DEPRESSIVE SYMPTOMS (CDI-SF) | |||
---|---|---|---|
BELOW CUT-OFF | ELEVATED | ||
DIABETES DISTRESS (PAID) | BELOW CUT-OFF |
GROUP A: No Elevations n = 124 (68.9%) Age Range = 9–13 years; M±SD = 11.3±1.3 Gender (% Female) = 52.4% |
GROUP C: Elevated Depressive Symptoms Only n = 26 (14.4%) Age Range = 9–13; M±SD = 11.2±1.3 Gender (% Female) = 57.7% |
ELEVATED |
GROUP B and D Combined: Elevated Diabetes Distress with or without Elevated Depressive Symptoms n = 30 (16.7%) Age Range = 9–13, M±SD = 11.4±1.3 Gender (% Female) = 63.3% |
There was a significant effect of group membership on participant characteristics, V = 0.44, F(12, 318) = 7.50, p < .01. One-way ANOVAs revealed significant differences among the groups on A1C, F(2,175) = 11.04, p < .01, MY-Q scores (HRQOL measure), F(2,172) = 38.63, p < .01, and insurance status, F(2,177) = 5.96, p < .01. There were no significant differences between groups for the other variables.

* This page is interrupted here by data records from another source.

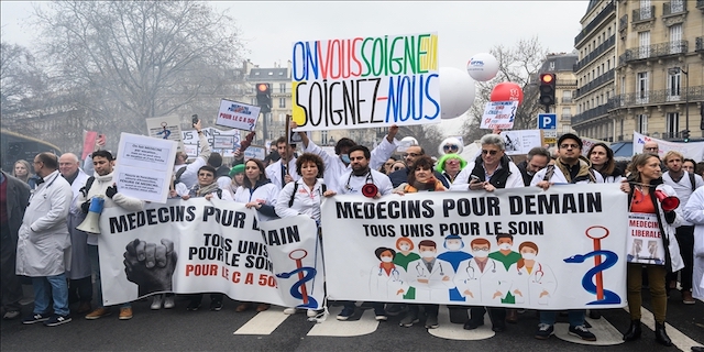 Yarın İçin Doktorlar Topluluğunun çağrısıyla Paris'in Pantheon Meydanı'nda toplanan pratisyen hekimler, Sağlık Bakanlığı yakınına kadar yürüdü.
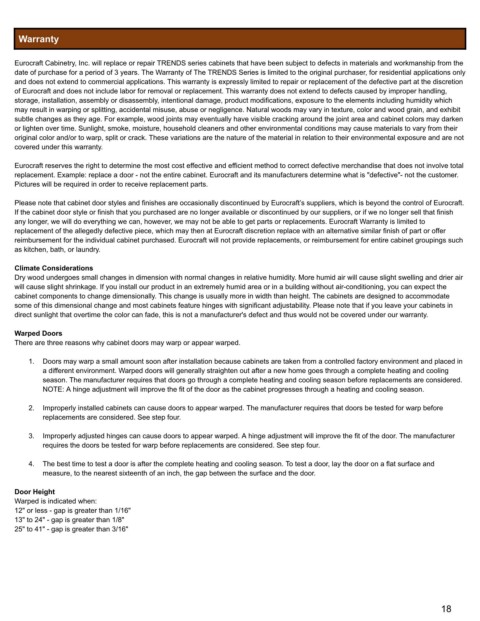 Eurocraft Cabinetry, Inc. will replace or repair TRENDS series cabinets that have been subject to defects in materials and workmanship from the
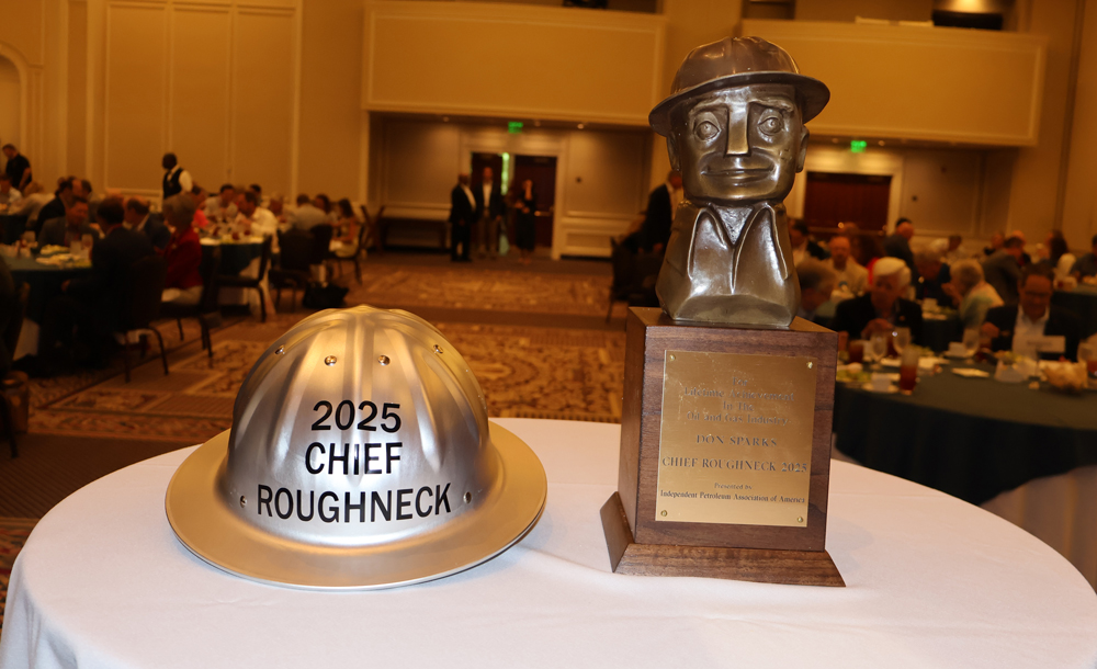 Chief Roughneck Award. A mainstay and favorite for attendees is the annual presentation of the Chief Roughneck Award (Fig. 4), IPAA’s highest honor. The Chief Roughneck lifetime achievement award dates back to 1955 and has included pioneers in the industry. Don Sparks, co-founder and chairman of the board of Midland, Texas-based Discovery Operating, Inc., was the 2025 recipient.
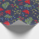Elegant papper med botaniska höstillustrationer. Ljus maple, holly, mistletoe och juniper mönster på mörk blått bakgrund.
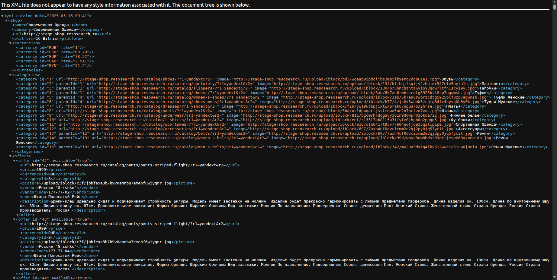 Интеграция с вашим магазином на 1С-Битрикс происходит через специализированный модуль, который автоматически генерирует и обновляет YML-фид с информацией о товарах. Система поддерживает выгрузку всех необходимых атрибутов: названий, цен, изображений, артикулов, характеристик и ссылок на товары.
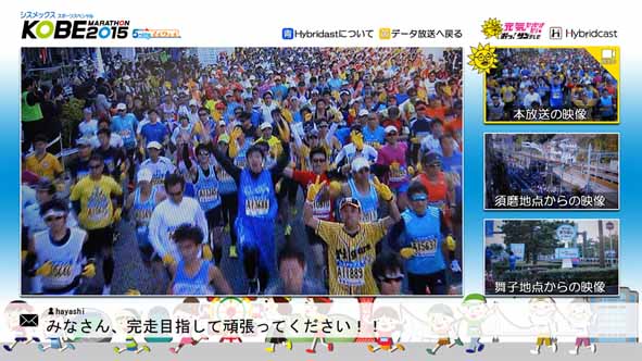 On November 15th, Sun television produced a live program covering the "Fifth Kobe marathon", the full marathon held in Kobe, in which citizens may participate. The program was a "multi-angle, live streaming broadcast experiment" that used Hybridcast. Using their remote controls, viewers were free to control which video to view on their television screen from the live video from cameras set up in multiple locations around the marathon course.
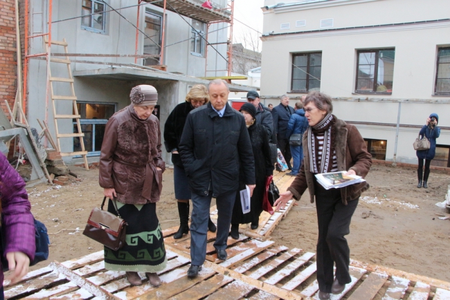 После чего предложили осмотреть помещения будущей галереи. Пройдя несколько комнат, губернатор и сопровождающие оказались на небольшой застекленной веранде. Там планируется сделать читальный зал, сообщили главе региона.
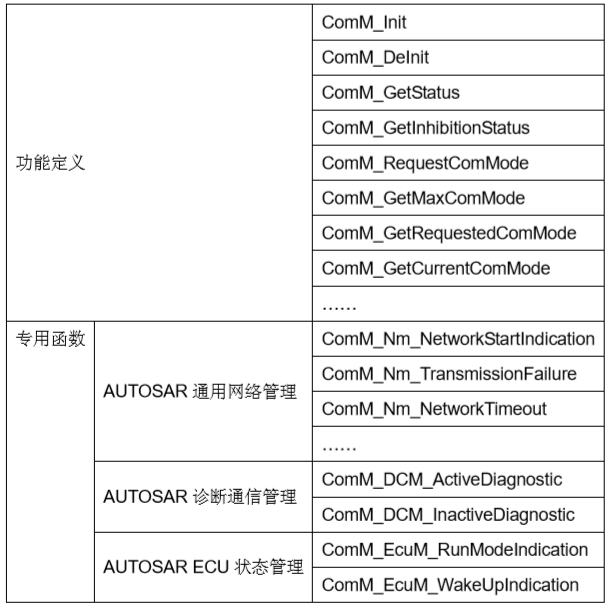 (4)AUTOSAR的通信部分有一个COM Manager,这是一个通信管理模块,是AUTOSAR标准特有的,主要负责对通信进行监控、管理、诊断以及管理涉及通信的ECU状态。下表列出了它所提供的部分API。
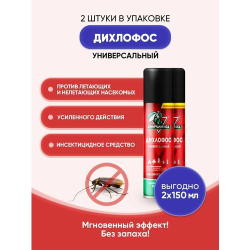 Средство от насекомых Изумрудная оса дихлофос универсальный усиленного действия для уничтожения летающих и ползающих насекомых, 150 мл

Bonferroni post-hoc probing of the ANOVAs revealed youth in Group B/D (M = 9.6 ± 1.6%) had significantly higher A1C than youth in Group A (M = 8.1 ± 1.5%, p < .01) and Group C (M = 8.4 ± 1.4%, p < .05). Participants in Group A and Group C did not differ significantly from each other in A1C. In terms of quality of life, youth in Group A (M = 74.1 ± 10.2) had significantly higher MY-Q scores than youth in Group B/D (M = 56.7 ± 9.9) and youth in Group C (M = 63.8 ± 10.9, all p < .01). Participants in Group C also had significantly higher MY-Q scores than participants in Group B/D (p< .05). In relation to socioeconomic status, Group C had a greater proportion of youth with public or no insurance (65.4%) compared with both Group A (30.6%, p < .01) and Group B/D (33.3%, p < .05). Groups A and B/D were not different from one another with regard to insurance status.
Discussion
In this first study to examine simultaneously diabetes distress and depressive symptoms in a relatively large and diverse sample of preadolescents with type 1 diabetes, findings supported the importance of screening for both clinically important constructs. Both were associated with A1C and diabetes-specific quality of life in the expected directions, which extends previous findings with adolescents [25] and adults [25, 26] to a younger age group (preadolescents). While most of this sample had no clinical elevations, almost one-third (groups B/D and C combined = 31%) reported experiencing elevated depressive symptoms and/or diabetes distress. This is a substantial portion of clinical patients who could benefit from consultation with a mental/behavioral health professional. Moreover, nine participants reported elevated diabetes distress without elevated depressive symptoms. Thus, a clinic that screens for depressive symptoms only would “miss” or overlook one in every 20 preadolescents they treat. These are children who could likely benefit from a behavioral health consult and who may be at risk for deteriorations in self-management as they transition into adolescence [27].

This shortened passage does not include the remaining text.